**Required action**
Could you return the data that follows exactly, minus the images?

(Given material Opens)

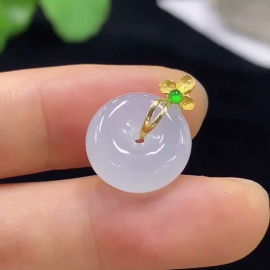 JadeitePeace Pendant with 18K Gold, Total Weight Approximately 2.52g
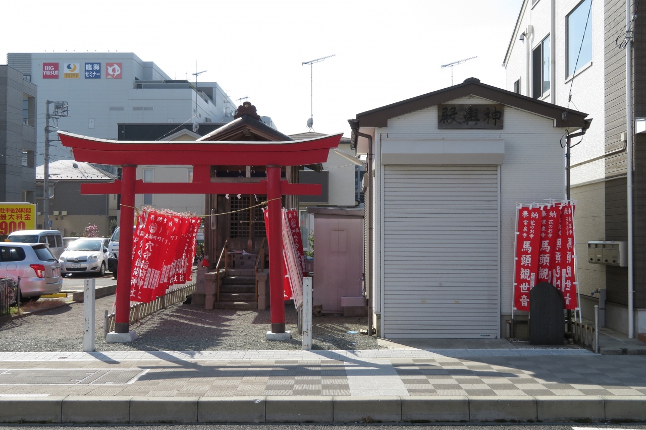 高座渋谷駅からほど近いところにあり、区画整理事業が行われて周辺が小ぎれいになっているところに、神社が鎮座しています。前面に藤沢街道(この辺りでは滝山街道とも呼ばれています)が南北に続き、往来した人も参拝したことでしょう。社の隣には神輿殿と馬頭観音碑もあります。
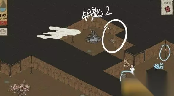 宝箱钥匙四: 在酿酒坊的后边,需要玩家先点击休憩桌进到回忆梦境当中,实际上跟现实宝箱位置一样。

(Given material Closes)

**Solution to this problem**
 JadeitePeace Pendant with 18K Gold, Total Weight Approximately 2.52g
 高座渋谷駅からほど近いところにあり、区画整理事業が行われて周辺が小ぎれいになっているところに、神社が鎮座しています。前面に藤沢街道(この辺りでは滝山街道とも呼ばれています)が南北に続き、往来した人も参拝したことでしょう。社の隣には神輿殿と馬頭観音碑もあります。
 宝箱钥匙四: 在酿酒坊的后边,需要玩家先点击休憩桌进到回忆梦境当中,实际上跟现实宝箱位置一样。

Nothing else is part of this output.